REVIEW: The Nightman’s Odyssey- Tony Paul de Vissage

The Nightman's Odessy Book Cover The Nightman's Odessy
Tony Paul de Vissage
Action, Adventure, Historical Fantasy, Vampire
Epic Publishing
Dec !9, 2023
Kindle
397
Amazon

Listed in the Top 5 authors of supernatural fiction in the Critters Readers Poll (formerly the Preditors & Editors Readers Poll), Tony-Paul de Vissage brings his own flare to vampire romance in this sweeping tale.

Desperate to save the woman he loves, nobleman Damien LaCroix allows himself to be turned by a vampire, only to discover it comes at a higher cost than he ever expected.

A plague is killing Damien’s people. As he confronts his own mortality, he receives a dire message from his betrothed. The sickness has overtaken her family, and she fears it will take her next. The thought of losing her is unbearable. He seeks out a vampire to turn him so that he can save Antoinette.

But when Antoinette betrays him, she shatters his hopes of eternity together. He vows never to turn another and leaves France with his ancestral home burning in the distance. He travels across Europe, fighting as a mercenary for a time, and gets caught up in the French Revolution.

When he travels to the New World, he finds himself smitten again by a human woman, the kind he’d vowed to avoid. When Kate is accused of murder and likely to be hanged for her crimes, Damien faces a dire choice.

 

Review By Sherry Perkins.
Member of the Paranormal Romance Guild Review Team

“This time Damien wasn’t going to get his way.”—The Nightman’s Odyssey

Hold on to your horses, your hat and cloak or whatever, we’re going on a dark adventure. A very, very terrifying one! And I’m loving it, every morbidly fascinating and gory bit. This kind of story is something Tony Paul de Vissage does exceptionally well. It’s why I am such a devoted fan!

de Vissage is a lean writer. “The Nightman’s Odyssey” sentence structure is pared to essentials. This is especially effective in the horror genre. A staccato burst of facts that leave you enough room to imagine the worst. Because most assuredly, much worse is coming. If you’re talking about vampires, then you know there will be horror upon horror to follow.

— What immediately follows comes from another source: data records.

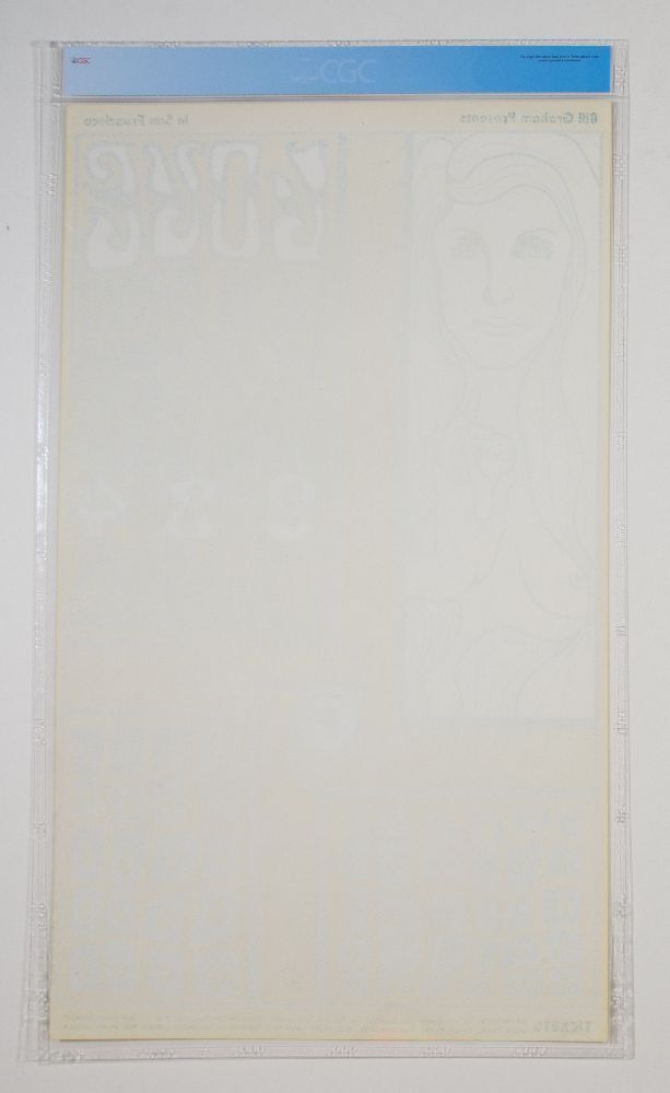 This lovely Wes Wilson design is one of his early works that celebrate the feminine form. His model was his wife at the time she notably appears in many of his posters in the Fillmore series. A beautiful image from 1966 announcing a San Francisco appearance of the amazing Arthur Lee and Love. This is the OP-3 version, pre-concert original printing. In July 2023 we auctioned another signed example of this poster for $3,300.00!
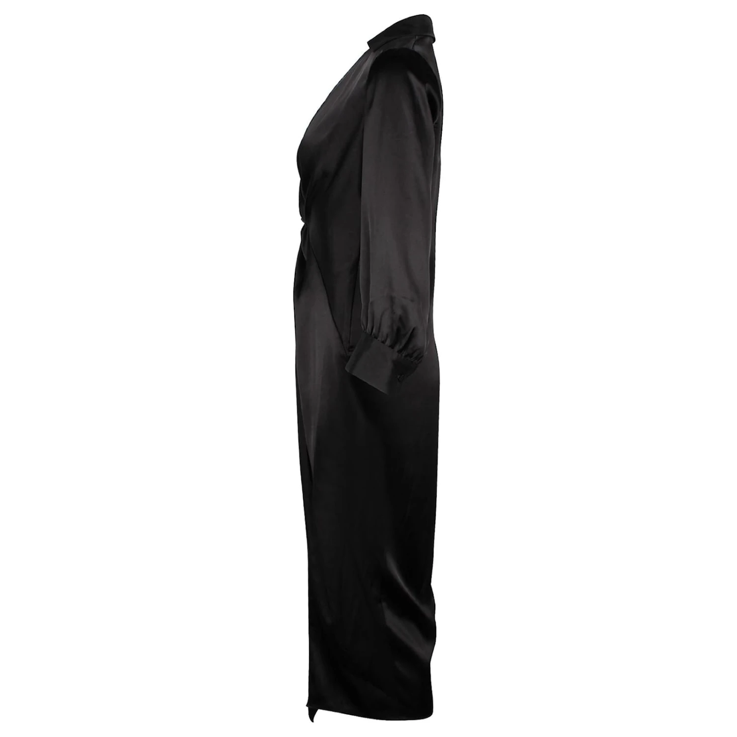 Robe mi-longue Theory à manches longues torsadées sur le devant en triacétate noir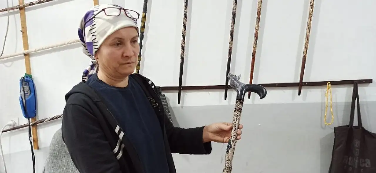 Devrek’te yaşayan Fatma Ayvacı, bir yandan evinin işlerini yaparken diğer yandan atölyede kızılcık ağacına şekil veriyor. 2003 yılından bu yana eşine yardım ederken mesleği öğrenen ve zamanla ustalaşan Ayvacı, kadın elinin değdiği bastonların ayrı bir incelik taşıdığını ifade etti.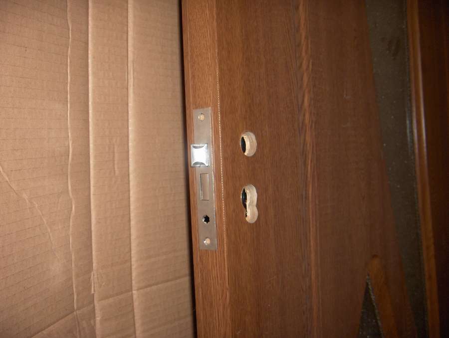 Возьмите толстую фанеру, ширина равная толщине стенки, высота во весь проем. Чем толще фанера (или вообще брус влезет), тем лучше. Главное, чтобы коробка двери вошла. Засверлите в доске отверстий под саморезы с углублениями под потайную головку. Шаг примерно 15-20 см вразбежку (один левее середины, второй правее, опять левее и т.д.). Саморезами по металлу притяните фанеру к профилю.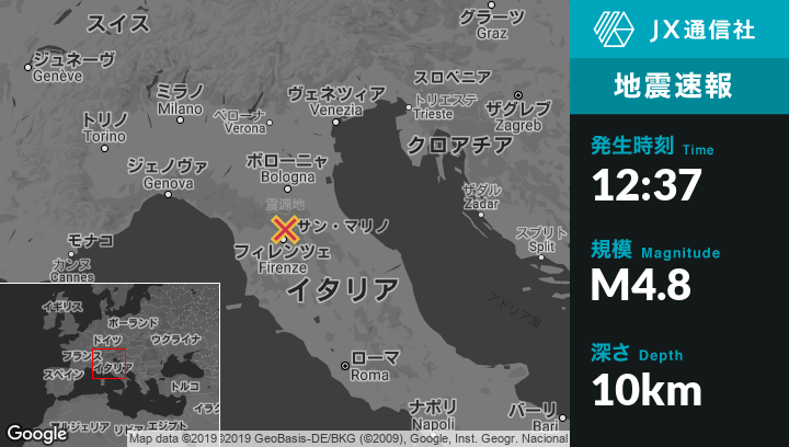 | 震源地 | イタリアのScarperiaから西北西4kmの地点 |

What makes the terse prose even more effective is it’s befitting the main character, Damien Lacroix. Damien, an Early Medieval (aka, the Dark Ages) nobleman, expects to get what he wants, when he wants it—until the plague arrives. Pestilence strikes the love of his life, the virginal Antoinette. Knowing her death is inevitable, and with all hope lost, Damien stumbles across someone who can help him save his beloved Antoinette. Saving her comes at a cost though. One Damien could not have foreseen nor even imagined.

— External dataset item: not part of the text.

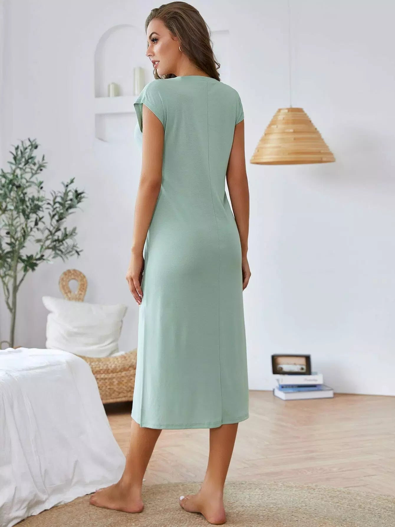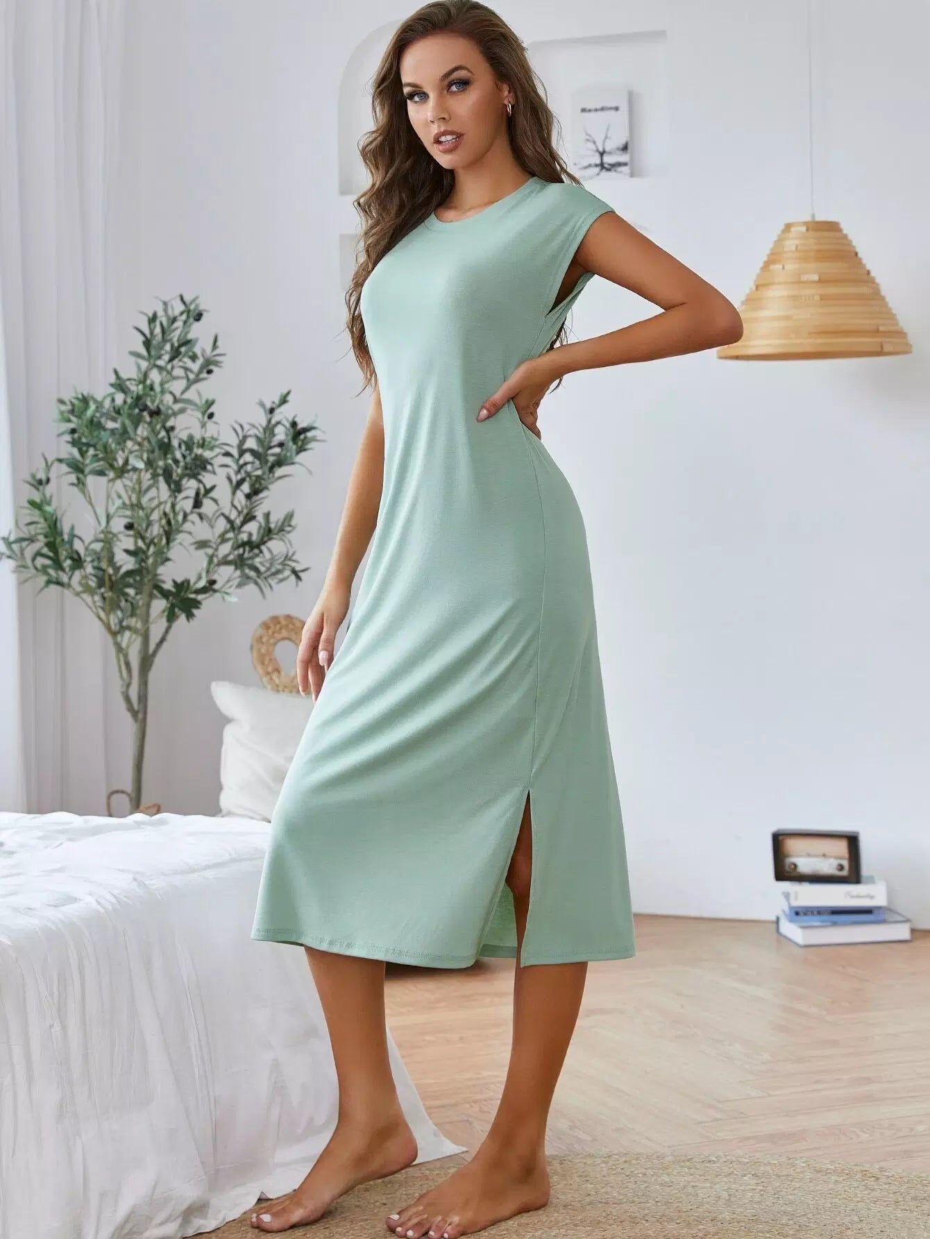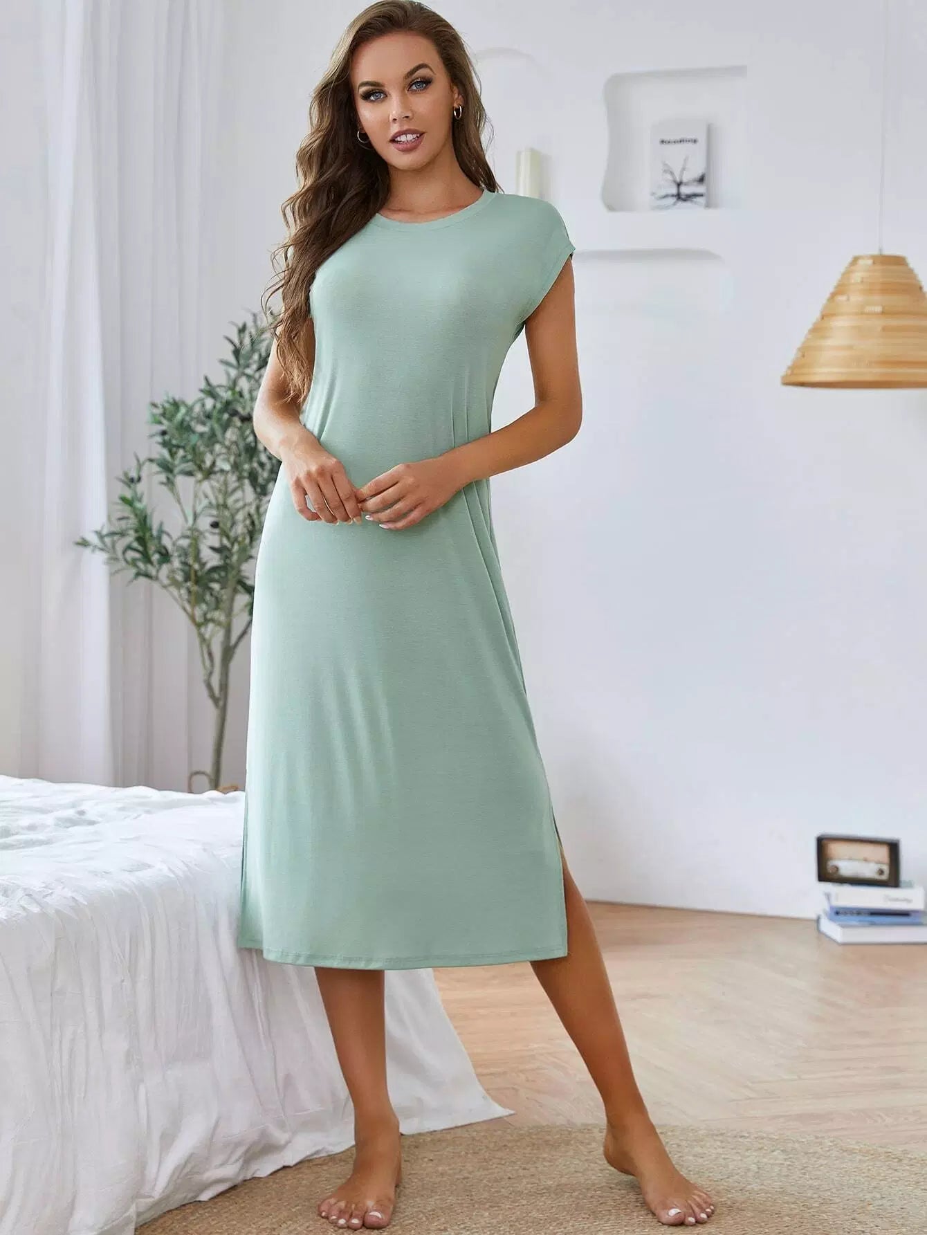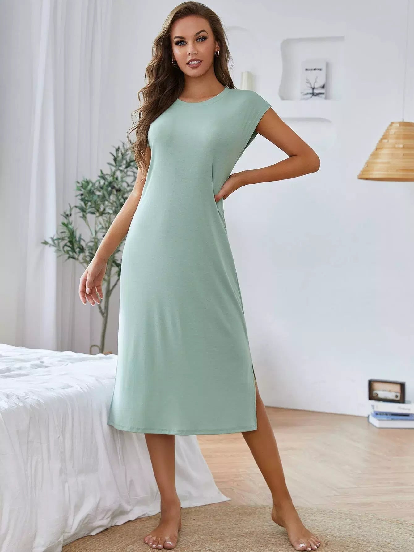 فستان سادة بحافة مشقوقة بحاشية سادة

Then, like all classic vampire stories, the story takes a horribly violent turn. Make no mistake, viciousness is part and parcel of “The Nightman’s Odyssey.” That’s as it should be. Because whether it’s the story of a man searching for true love, he is a monster. The thematic style of “The Nightman’s Odyssey” calls two other vampire stories to mind. First, Bram Stoker’s “Dracula,” specifically where Harker, shivering with anticipation, describes his encounter with Dracula’s Brides. The other is Justin Cronin’s “The Passage,” where evil is unrelenting. You’ll have to tell me if you agree.

Wanton rape, war, graphic killing, and explicit sexual activity is rampant in the story’s beginning which should be expected in a story about blood lust, feeding frenzies and raw passion. Although you’d think such horror or its detail has no place in romantic fantasy, it is historically accurate and a necessary contrast to show the character’s growth. The writing keeps you in context, rivetted to the page. That said, there is always hope. Year after year after year…which is another clever bit of writing by de Vissage—the story carries into a future quite far removed from ours, with an ending that is, shall we say, poetic justice, nonetheless.

A five-star review about a vampire with an ancient and unfortunate past that follows him wherever he goes.